大隅さんに取材した際、なぜオートファジーの研究を始めたのか聞いたところ、その頃は、たんぱく質の合成、つまりいろいろなたんぱく質をくっつける研究が注目されていたといいます。

であれば、みんながやっていない合成の逆、たんぱく質の分解の研究をしてみようと考えたということです。

これがオートファジーにつながりました。

大隅さんは、チャレンジすることが科学の精神だと、基礎研究の重要性を訴えています。

結果が分からないことこそ研究の魅力で、それに吸い込まれるように突き進むこと。

表現は違っても、研究者の言葉には、科学研究にどう向き合うか、そのことのヒントがあるように思います。

 

イグ・ノーベル賞の受賞者の中に、ノーベル賞も受賞した研究者がいます。

イギリスのマンチェスター大学の教授、物理学者のアンドレ・ガイムさんです。

イグ・ノーベル賞は、磁石の力を利用して、カエルを空中に浮かせるという実験で受賞しました。

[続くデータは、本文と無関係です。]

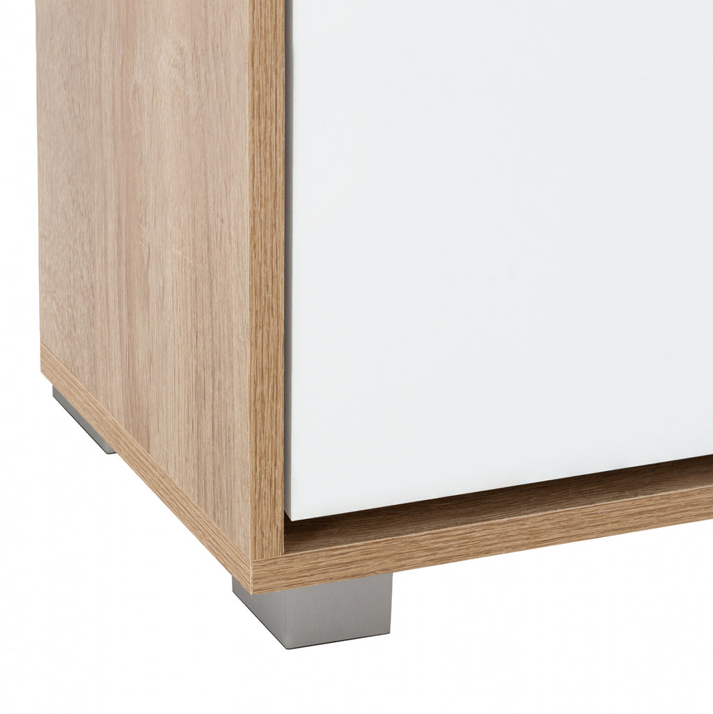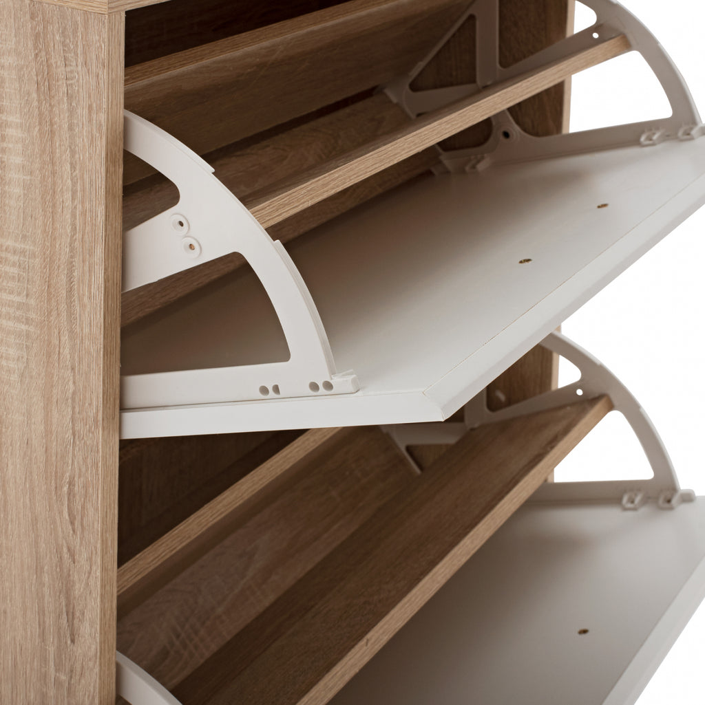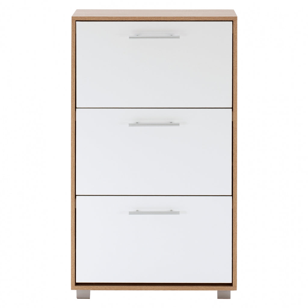 Шкаф за обувки, изработен от висококачествен меламин, с 3 накланящи се рафта за 18-21 чифта обувки, в цвят сонама и бяло с 3 врати. Четири крачета в основата на кутията за обувки за лесен достъп под нея и за предотвратяване на повреда от вода и влага. Размери: 62х24х110см. Размери на шкафа: 57х29х8,5-11,5см. Разстояние между краката: 58х21 см. Височина на крака: 4 см. Забележки Поставката за обувки се предлага в разглобена опаковка с подробни инструкции за сглобяване.
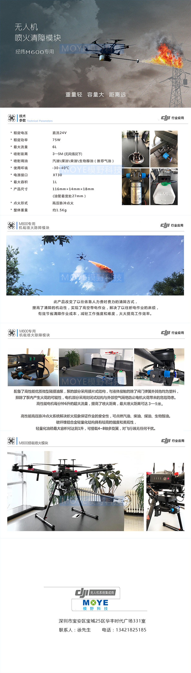 大疆DJI M600 pro喷火装置 无人机喷火器 应急清障模块 点火系统折叠设计
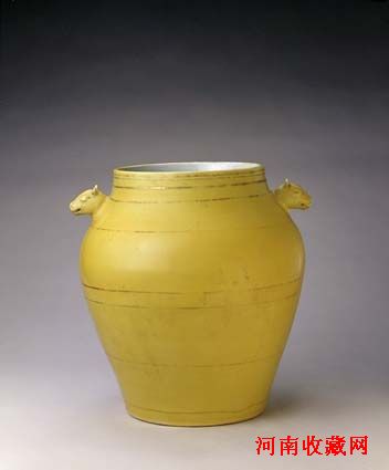 此罐以舒缓的曲线构成丰满匀称的形体,体虽硕大,却无笨拙之感,古朴中透出俊秀之美。罐上所施黄釉色泽淡雅,浑然一色,描金弦纹熠熠生辉,装饰效果高贵典雅。
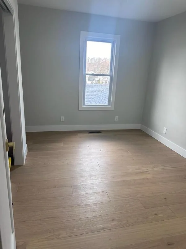 This project involved a complete bedroom renovation, transforming a deteriorated space into a clean and modern environment. Initially, the room had damaged walls, an outdated closet, and a worn-out floor. Through the renovation process, the old materials were removed, and new drywall, flooring, and trim were installed. Additionally, fresh paint in a soft gray tone was applied to create a bright, welcoming atmosphere. As a result, the combination of light oak flooring, white trim, and minimalist design produced a balanced and contemporary finish.
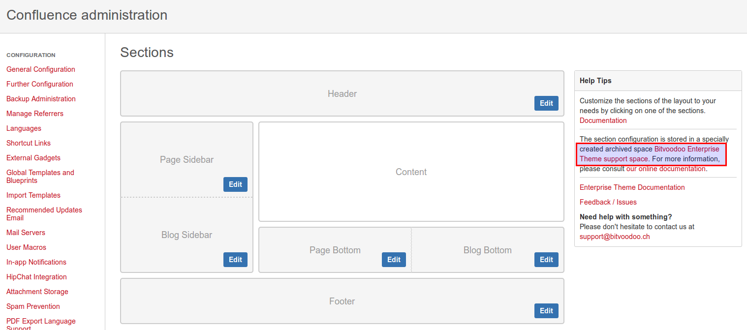 With non-standard Confluence user group configurations it is possible that viewing and/or editing custom sections or other content in the Bitvoodoo Enterprise Theme support space does not work properly. If you are receiving authorization errors when trying to edit sections or cannot see attachments / images of customized sections, then you will have to take a closer look at your user groups and permissions on the support space.

ガイムさんは、中心になって進めている専門の研究とは別に、金曜日の夜の実験と呼んでいる研究を行っています。

金曜日に行うというわけではありませんが、時に冗談交じりに思いついた実験に取り組む時間を、毎週数時間、作っています。

カエルの浮遊は、その実験の中で行ったものでした。

一方、ノーベル賞を受賞した研究は、極めて薄い炭素で出来た膜を取り出すことに成功したというものです。

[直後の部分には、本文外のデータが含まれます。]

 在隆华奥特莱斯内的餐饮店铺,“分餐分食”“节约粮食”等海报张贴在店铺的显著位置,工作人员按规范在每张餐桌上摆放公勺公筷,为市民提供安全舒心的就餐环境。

薄いのに強く、電気をよく通すことから、高速コンピューターなどへの応用も期待されています。

このノーベル賞の研究、実はこちらも、日頃から行っている専門の研究ではなく、金曜日の夜の実験から出来たものだったのです。

何か成果を出さなければいけないということではなく、自由な発想で面白いと思うこと、なぜだろうという好奇心から取り組んだ、それが独創的で革新的なそれぞれの研究成果に結び付いたのではないでしょうか。

この金曜日の夜の実験にこそ、研究の原点があるように思います。

今の日本で、こうした研究環境を作るのは難しいかもしれませんが、科学研究が常に大切にしなければならないことだと思います。

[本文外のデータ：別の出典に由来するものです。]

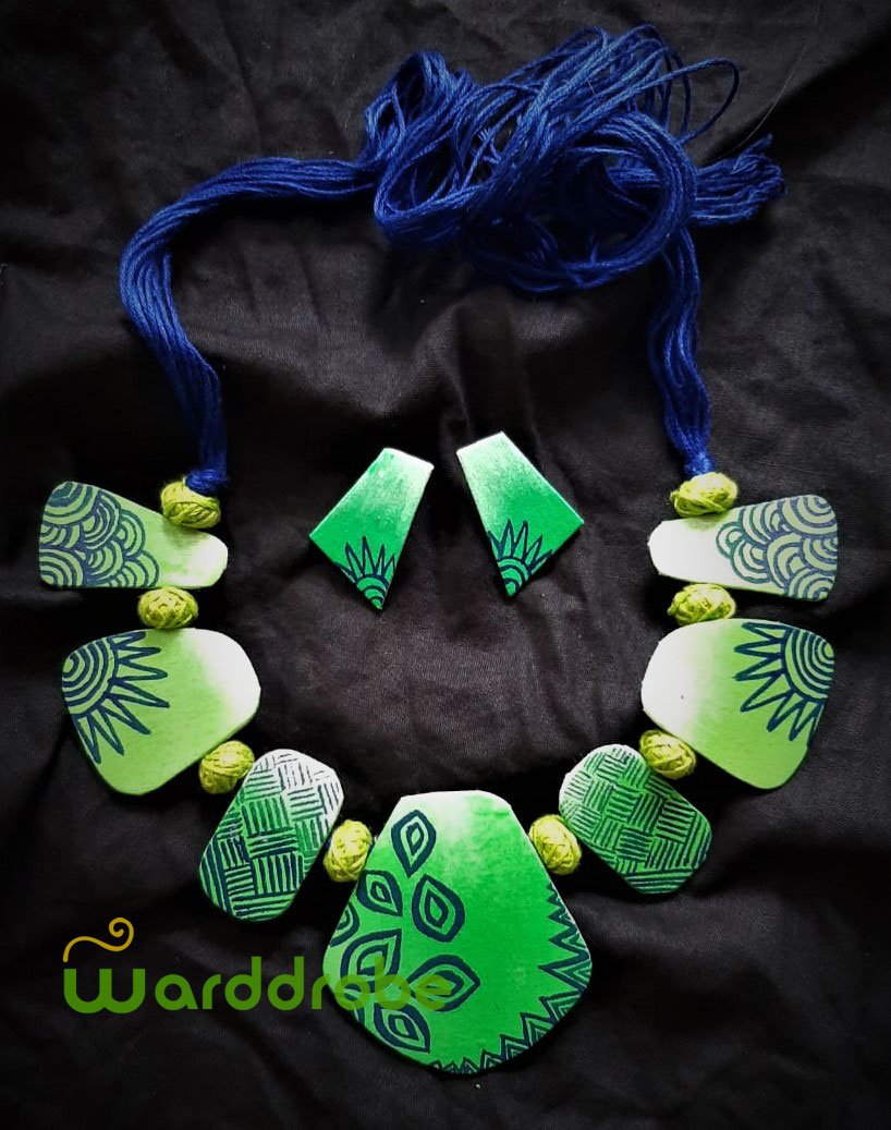 Add a splash of color to your celebrations with this hand‑painted fabric jewellery set. Designed by skilled artisans, the necklace and earrings showcase bold hues and intricate motifs that embody cultural heritage. Lightweight and skin‑friendly, this set ensures you shine at weddings, festivals, or parties.

誰も知らない未知の領域を解明する喜び、それは研究者しか出会うことのできない、いわば特権です。

研究者には、そのことを胸に研究を進めてほしいと思います。

 

以上、番組の内容をご紹介してきました。

 

NHK解説委員の中村さんの指摘している、独創的な成果を上げるうえでの科学者に必要なキーワードを以下にまとめてみました。

誰もやったことがない

楽しい、面白い

好奇心

チャレンジ精神

 

研究開発には相応の資金が必要です。

しかし、どんなに研究開発費があっても、研究者に先ほどのキーワードにあるような“研究者魂”がなければ、独創的な発見に結びつくことはないと思うのです。

 

なお、今の日本の科学研究を取り巻く環境における問題については、次回に触れたいと思います。